Quel type d'agriculture : Le meilleur comme le pire !
Produire toujours plus ou produire mieux ! Polluer toujours plus ou faire alliance avec la nature ? Décimer ou favoriser la vie ? Les différences entre les formes d'agriculture saine et les formes d'agriculture malsaines sont majeures. Nous trouvons le meilleurs comme le pire. D'un côté nous avons des formes d'agriculture qui respectent la vie sous toutes ses formes et qui l'encouragent. L'Agriculture Biologique (AB) est la plus connue du public, l'agriculture biodynamique l'est nettement moins. De l'autre côté, nous avons l'agriculture intensive, une agriculture de destruction massive.
Éloge des formes d'agriculture saine
S'il était nécessaire de faire l'éloge de l'Agriculture Biologique en utilisant le minimum de mots, nous dirions que l'Agriculture Biologique protège et encourage la vie. L'agriculture biologique est, avec les autres formes d'agricultures saines, respectueuse des trois règnes végétal, animal et minéral. Elle garantie la pérennité de la vie sur terre. Toutes les formes d'agriculture saine qui n'ont pas de nom mais qui sont employées par des milliers de millions de personnes dans des zones épargnées par nos aberrations mercantiles sont tout autant, à défendre et à promouvoir.
Pour preuve que certains industriels ne sont pas indifférents à l'agriculture saine : Pourquoi croyez-vous que les industriels de l'eau rachètent les terres autour des sources exploitées et exigent des agriculteurs qu'ils pratiquent les règles l'Agriculture Biologique ? Parce qu'ils ne souhaitent pas que la nappe phréatiques soit polluée !
Dans un environnement pollué, l'agriculture biologique apporte-t-elle une solution ?
Prétendre que "l'Agriculture Biologique ne change rien car tout est pollué" est faux ! Les fermes biologiques entourées de cultures intensives sont bien sûr gênées par ses pratiques polluantes toutefois en utilisant sur leurs sols des techniques saines, ils maintiennent une excellente activité du sol.

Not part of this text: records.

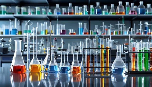 实验室中各式各样的试剂瓶和显微镜,展现科学研究的氛围。
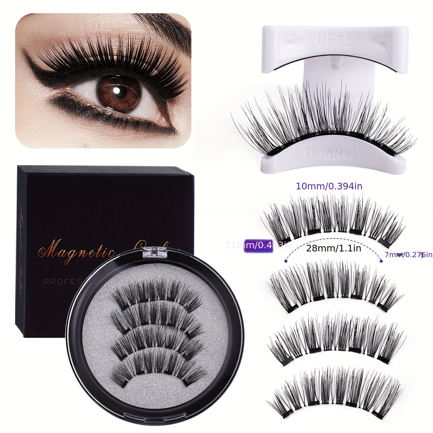 Women Reusable Magnetic False Eyelashes with Applicator Set of 4
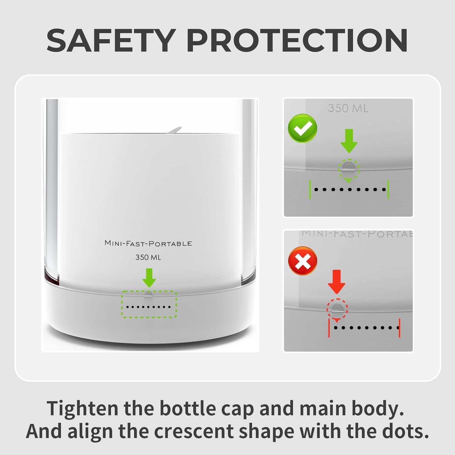 - Travel Lid: We equipped the mini blender with one more bottom cover , after juicing, the bottom motor can be removed and replaced with the travel lid. Then it is as easy to carry as a water bottle that can hold 350ml of juice and weighs only 460g. It is suitable for home, work, school or travel
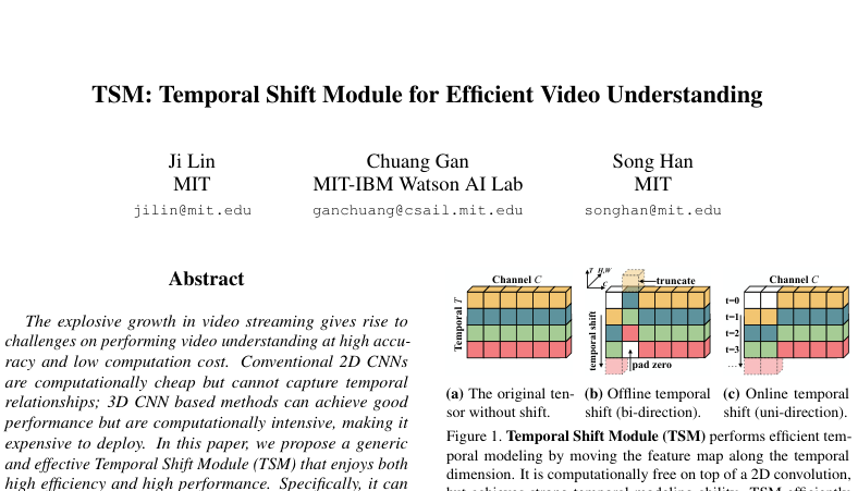 이 논문에서는 동영상 분석에 2D 합성곱 신경망을 사용하여 높은 속도를 얻으면서도 동영상의 시간적 정보 손실을 최소화하기 위해 Temporal Shift Module을 제안하였다. 이 모듈은 프레임의 일부 채널에 시간 축에 대한 shift를 가하여 2D 이미지인 상태로 시간적 정보를 주입하고, 2D CNN이 공간적 정보뿐만 아니라 시간적 정보까지 활용할 수 있도록 한다.
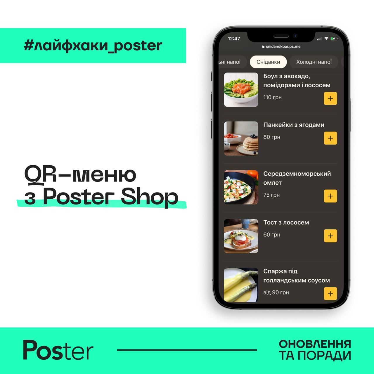 За допомогою Poster Shop можна створити сайт для замовлень з собою або на доставлення. А ще його можна використовувати для перегляду меню у закладі 😉
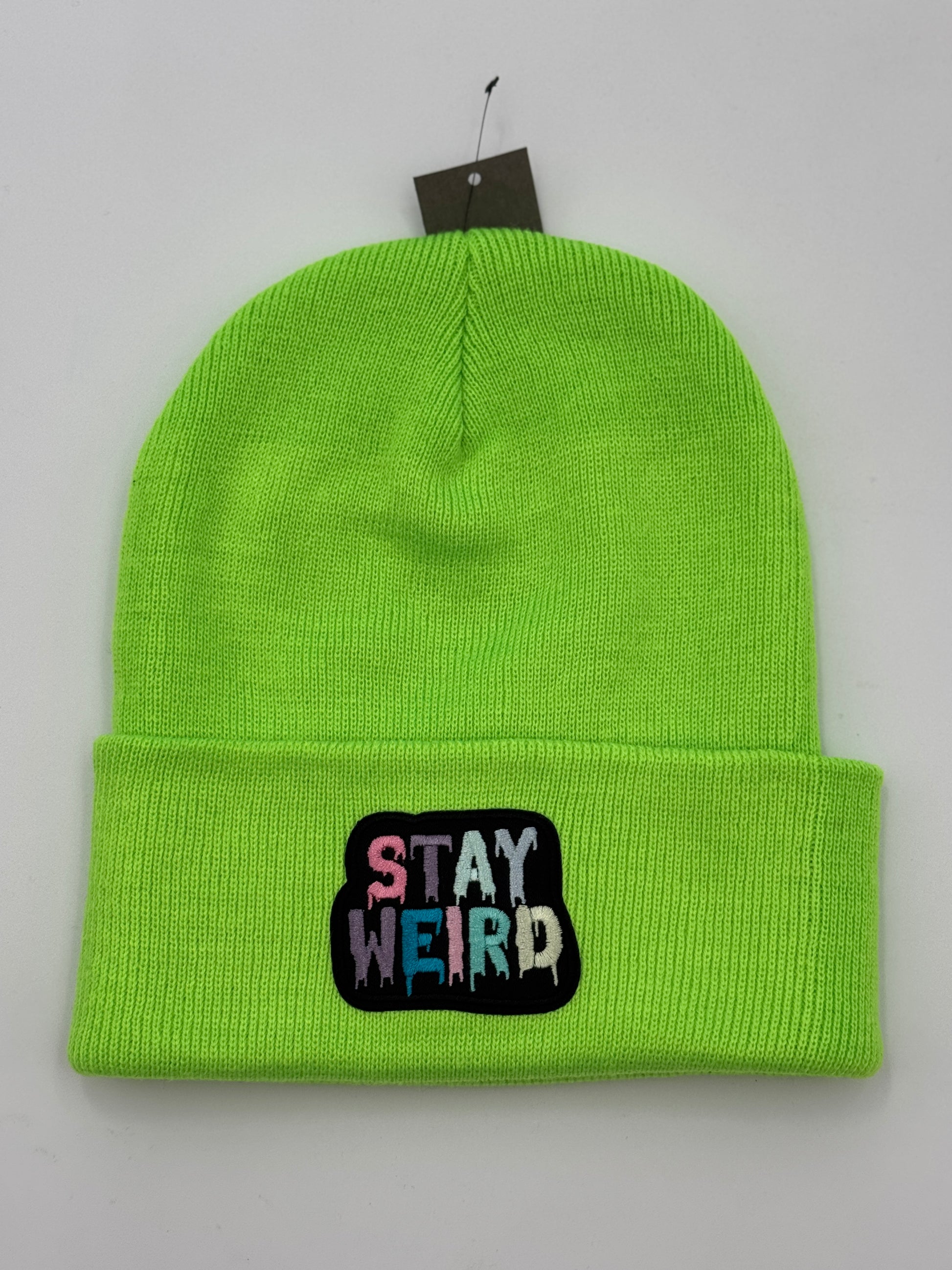 Rock your individuality with this neon green beanie that screams personality. The standout "Stay Weird" patch features a vibrant multicolored drip font against a bold black background—a perfect statement for anyone who embraces their unique vibe. One size fits all means everyone can join the weird club. Cozy, comfortable, and unapologetically bold, this beanie is your wearable reminder to celebrate what makes you different.
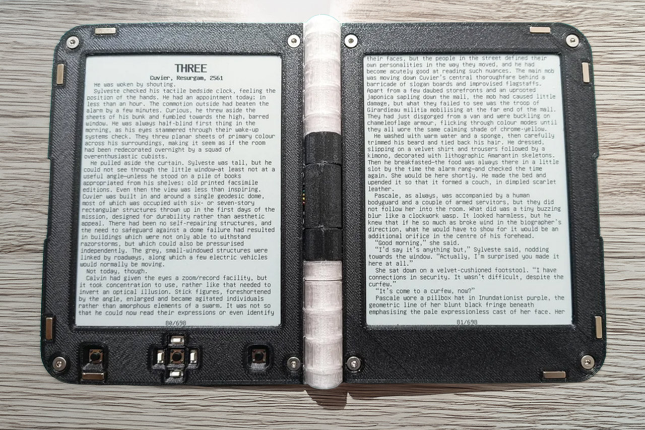 O resultado é um aparelho que se fecha como um volume de capa dura e, ao abrir, exibe duas páginas lado a lado, como se fossem as folhas de um romance impresso.
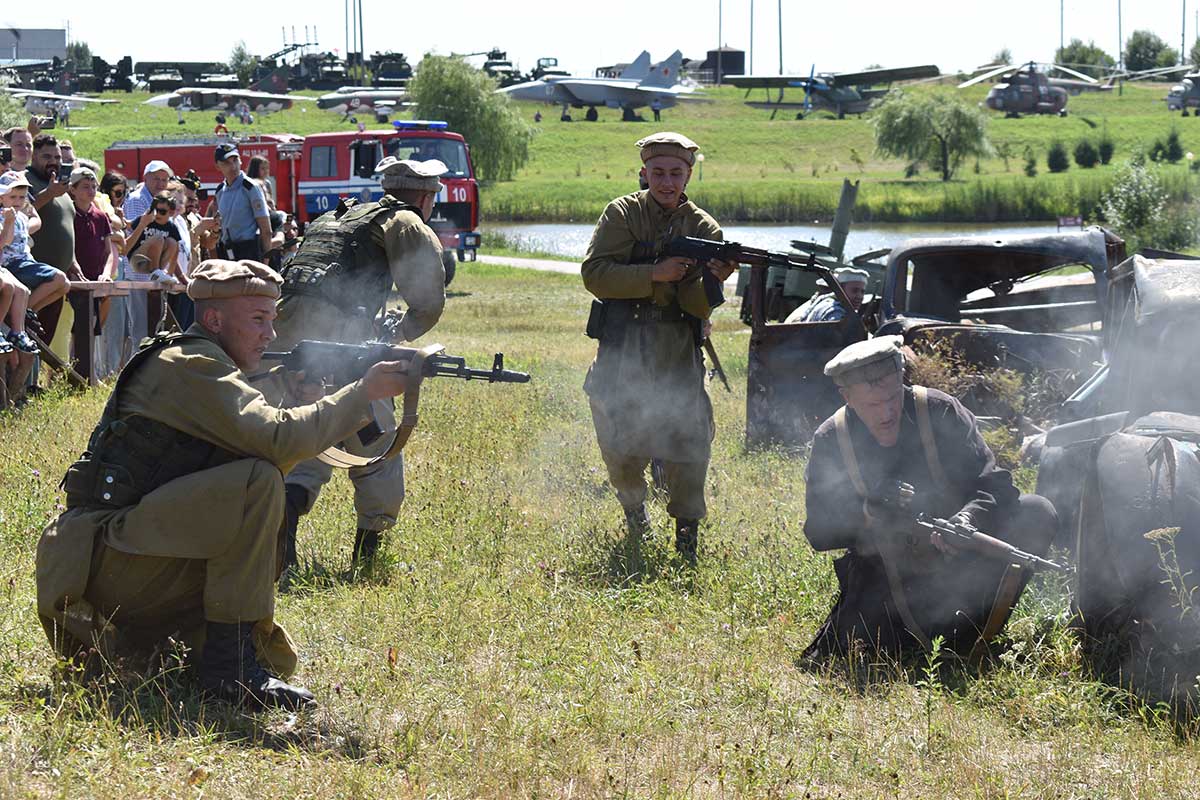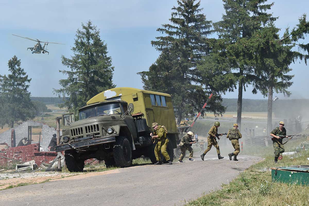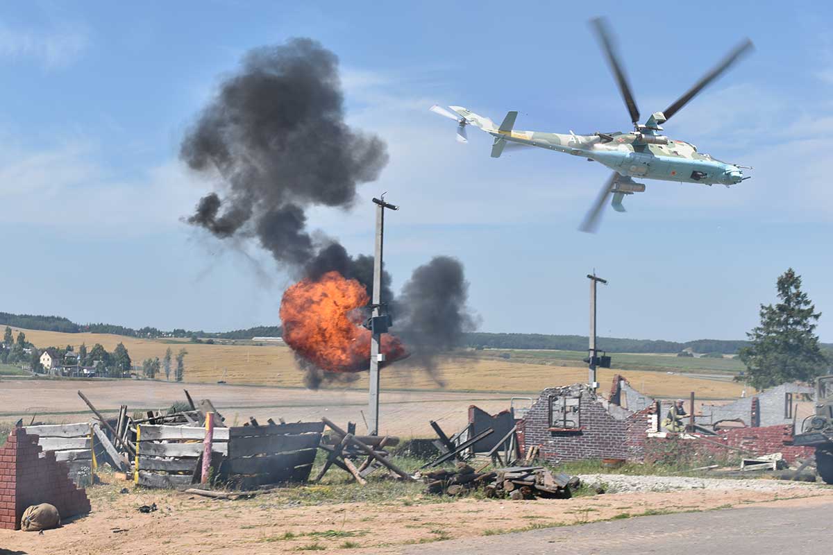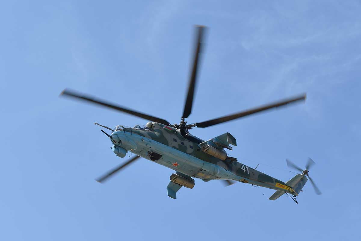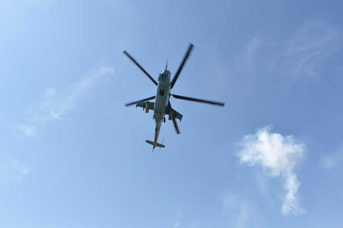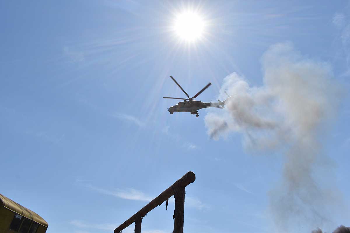 В 14:30 началась реконструкция боя Афганской войны, в которой приняли участие боевые вертолёты Ми-24.
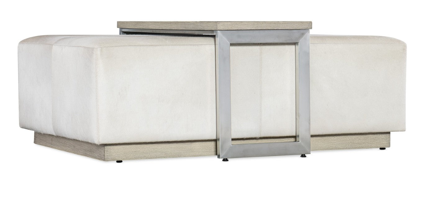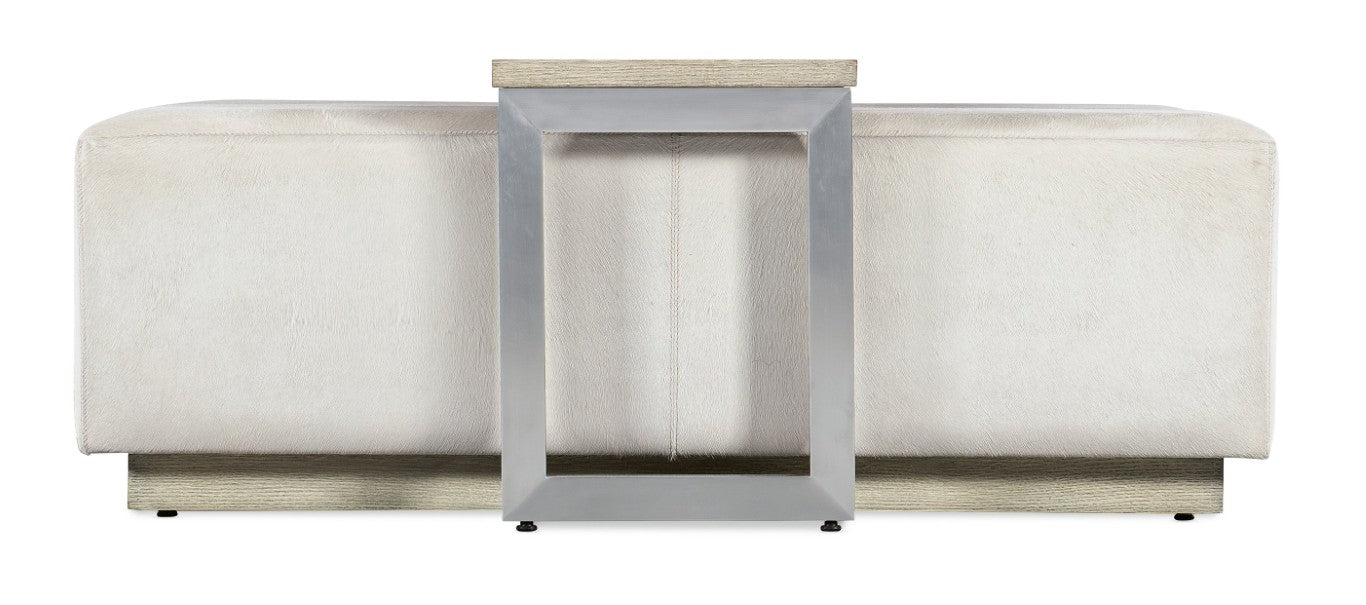 Elevate your living space with this refined bridged cocktail table that blends modern functionality and natural texture. Upholstered in cream hair-on-hide leather and anchored by a light wood plinth, the design offers a warm, transitional aesthetic while the movable tray top provides practical surface flexibility for drinks, snacks, or devices.
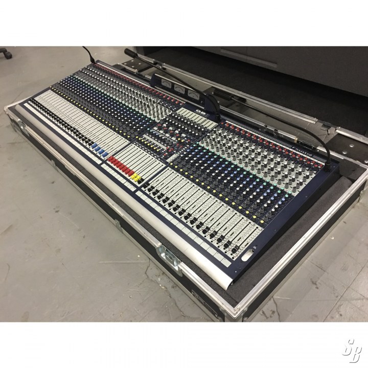SOUNDCRAFT GB8 40-CHANNEL ANALOG MIXER USED ONLY A FEW TIMES IN SCHOOL THEATRICAL SETTINGS. IT FEATURES 40 MONO CHANNELS, 4 STEREO CHANNELS, 4 STEREO RETURNS, 8 SUBGROUPS, 8 AUX OUTPUTS, AND AN 11X4 MATRIX.
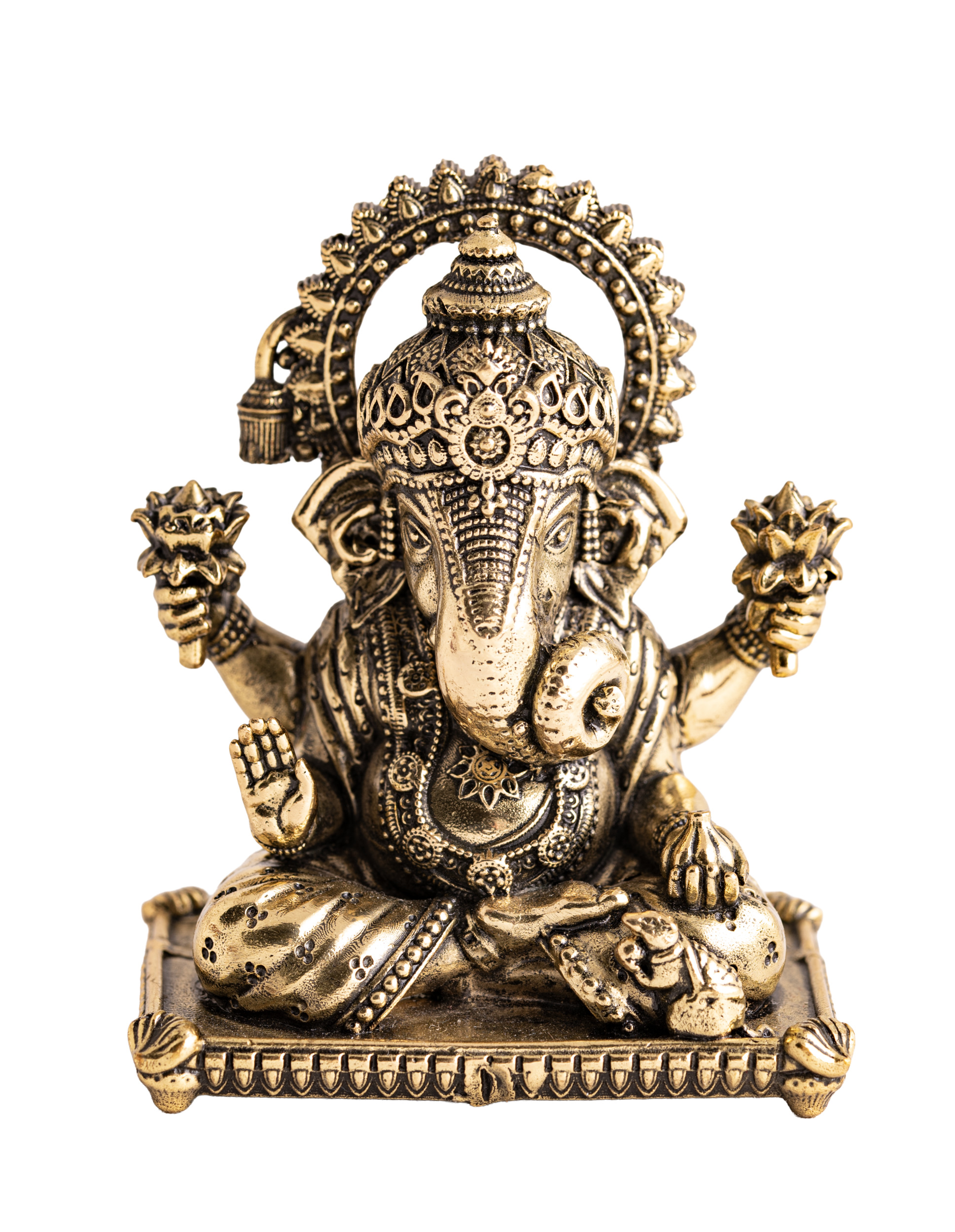 Ganesha ist vielleicht der Populärste aller indischen Götter. Er gilt als Sohn von Parvati und Shiva. Der Legende nach zog sich Shiva zur Meditation zurück und Parvati schuf sich vor Einsamkeit einen Sohn. Als Shiva zurückkehrte schlug er aus Zorn dessen Kopf ab. Nachdem er erkannte, was er getan hatte, befahl er den Kopf des Ersten, der vorbeikam auf Ganeshas Körper zu setzen, um ihn wiederzubeleben. Dies war ein Elefant – ein neuer Gott war geboren, welcher die Kraft von Shiva und Parvati vereinte. Man sagt, er räume alle Hindernisse aus dem Weg. So wird er oft vor jeglicher Art von Unternehmungen angerufen. Er sorgt für materiellen und geistigen Wohlstand und gilt damit als Schutzpatron für Geschäftsleute. Aber auch bei jedem Neubeginn, sei es ein Umzug oder eine neue Arbeitsstelle, darf Ganesha nicht fehlen, da er die neue Situation segnet und Glück verheißt. Ganesha hat vier Arme. Sie repräsentieren die vier Aspekte des feinstofflichen Körpers: Verstand, Ego, Geist und Bewusstsein. |
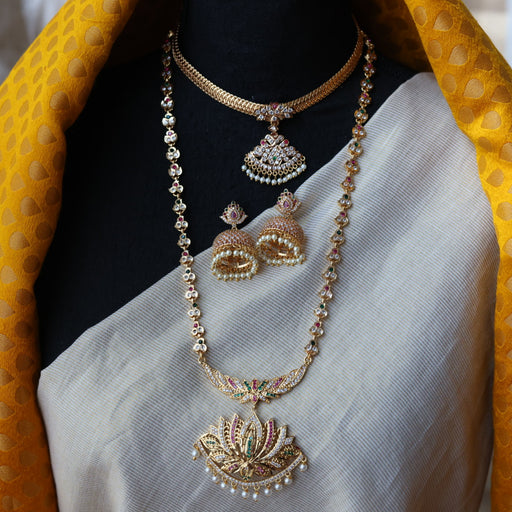 View full detailsHeritage gold plated short and long padakam set necklace HPS2053
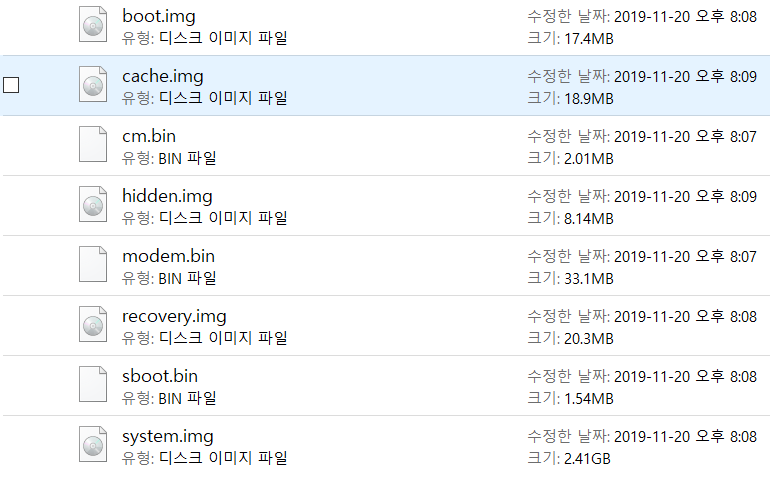 다운로드된 파일의 압축을 풀명 =꽤 긴 파일명으로 되어있고 확장자는 tar.md5 인데, 이것을 개별 파일로 푸는 것이 필요하다. 7z 프로그램을 다운로드 받아서(www.7-zip.org) 풀었다. 압축을 풀면 다양한 파일이 나오는데, 거기서 사용할 파일은 boot.img와 recovery.img 파일이다. (system.img 파일은 사용할 일이 없는데, 이것까지 포함해서 다운 받을수 밖에 없어서 너무 오래 걸렸다.)
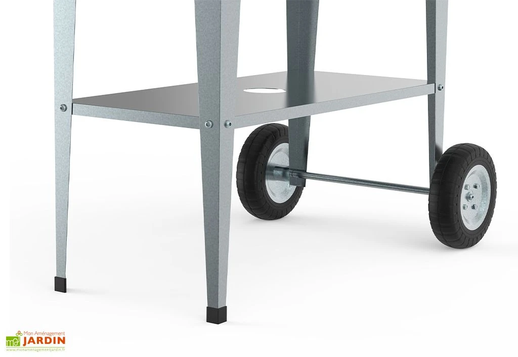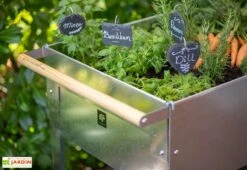 Le bac est supporté par quatre pieds, dont deux possèdent des roulettes pour un transport aisé. Vous aurez donc la possibilité de déplacer votre bac à votre guise et en fonction des zones d’ombre et de soleil. Une poignée est aussi présente pour pouvoir manœuvrer le petit potager.
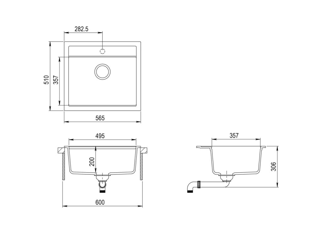 - Rozměry umyvadla: 495 x 357 x 200 mm (D x Š x H)
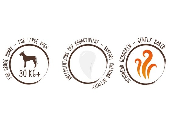 Niepowtarzalne ze złocistobrązową skórką, nasze 5-ziarniste musli jest szczególnie twarde i chrupiące, dzięki czemu Twój pies nadal będzie mógł wzmacniać swój zgryz.

Agriculture intensive : une tragédie pour les éco-système et la santé de l'Homme
Vous êtes-vous posé les questions suivantes : Si les poissons, les mammifères, les oiseaux, certains insectes disparaissent sont décimés par l'agriculture intensive, pensez-vous que sur nous, les êtres humains, ces pratiques n'ont aucune répercussion ? Bien sûr que non ! Tuer toutes les plantes et insectes qui gravitent autour de malheureux plants hybrides émasculés, plantés au beau milieu de plaines désertiques entraîne un effroyable carnage dans les populations d'oiseaux, de batraciens, de carabes et de milliers d'autres espèces animales et végétales. L'agriculture intensive crée un monde sans vie, un monde instable !
Les formes d'agriculture conventionnelle, intensive, raisonnée pratiquant la monoculture, usant d'une légion de molécules mortelles provenant de sources variées, utilisant des engrais artificiels à tour de bras sont nocives. Elles engendrent les déserts verts, ces grandes étendues sans haie, sans arbre, sans talus de protection ! Ces types d'agricultures favorisant la destruction massive, la mort.
Les partisans de ces pratiques malsaines estiment qu'ils nourrissent le monde ! Si ce discours était admis après la guerre mondiale, par manque de recul et d'expérience, il est faux. Aujourd'hui, il est évident que les conséquences de l'agriculture intensive sont catastrophiques puisqu'elle détruit les sols, gaspille et pollue des ressources rares comme l'eau, détruit des emplois par centaine de millions, crée des déserts sociaux dans les campagnes. Pour toutes ces raisons, ces pratiques doivent être définitivement rejetées !
Les agriculteurs ne sont pas les seuls fautifs !
Les industriels, les politiciens, les commerçants, les pseudo scientifiques, les syndicats agricoles et les consommateurs ont participé et encouragé l'agriculture intensive. L'arrêt de utilisation de ces pratiques malsaines est d'autant plus difficile que le modèle économique s'organise autour de mensonges et de croyances et d'intérêts financiers énormes. Heureusement, chaque personne peut participer en consommant différemment. Les achats que nous effectuons sont une part de la solution.